I would like to connect a new chandelier to the ceiling of my bedroom. The ceiling box has two cables:
- black, white, ground - none of these is hot
- black, white, red, ground - black on this cable is hot (120 V to ground)
The hot on cable 2 is not controlled from any wall switch (it seems as if it used to have a ceiling fan/light before). It is hot all the time; each switch checked in the house-none controls the power on this hot cable in the ceiling box.
OK, now there is also a wall switch in the same room that seem to be dead. It has three cables (each has black, white, and ground) and none of them is powered.
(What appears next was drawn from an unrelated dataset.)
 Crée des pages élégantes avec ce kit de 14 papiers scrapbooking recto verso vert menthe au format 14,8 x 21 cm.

- black, white, ground - none of these is hot (entering the switch box from the above)
- black, white, ground - none of these is hot (entering the switch box from the above)
- black, white, ground - none of these is hot (entering the switch box from the below)
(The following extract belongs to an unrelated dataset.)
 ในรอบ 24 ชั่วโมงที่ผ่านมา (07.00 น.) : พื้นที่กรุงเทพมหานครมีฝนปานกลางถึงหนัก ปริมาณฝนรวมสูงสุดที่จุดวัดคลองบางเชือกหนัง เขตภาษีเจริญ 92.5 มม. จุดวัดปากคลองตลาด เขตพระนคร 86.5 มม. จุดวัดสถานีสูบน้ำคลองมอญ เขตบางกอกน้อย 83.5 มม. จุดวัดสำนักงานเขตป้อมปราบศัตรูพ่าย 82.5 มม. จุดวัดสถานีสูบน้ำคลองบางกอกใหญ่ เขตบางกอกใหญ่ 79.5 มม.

Cable 3 in the wall switch seems to be the same as cable 1 in the ceiling box (checked the resistance - 0.5 ohm on 1 and 3 probed, and 0.5 ohm when white on 1 and 3 probed)
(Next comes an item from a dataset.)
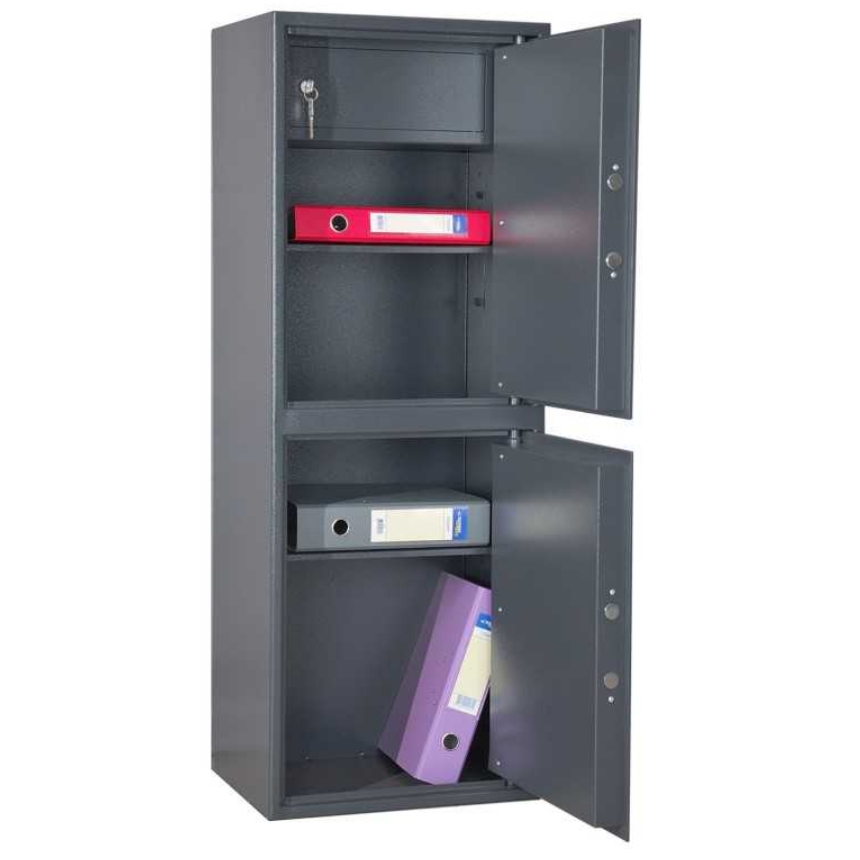 Сейф офисный МетКон ШБМ-120/2МК предназначен для хранения бумажных документов. В двери установлен ключевой сувальдный замок с ригельной системой запирания класса А и блокирующий замок.

I am wondering if I can utilize this dead wall switch to control the ceiling box power (and my new chandelier) without laying out additional cables inside the walls.
For example, I was thinking about using white (neutral) on cable 1 to bring hot to the wall switch (connect hot on cable 2 and white on cable 1) which would bring the hot down to the wall switch through 1-3, connect to the switch, and then bring the hot back to the ceiling box through the same cable 1/3). Then I would use black from 1 and white from 2 to power the chandelier.
Possible or is there any other more "professional" solution?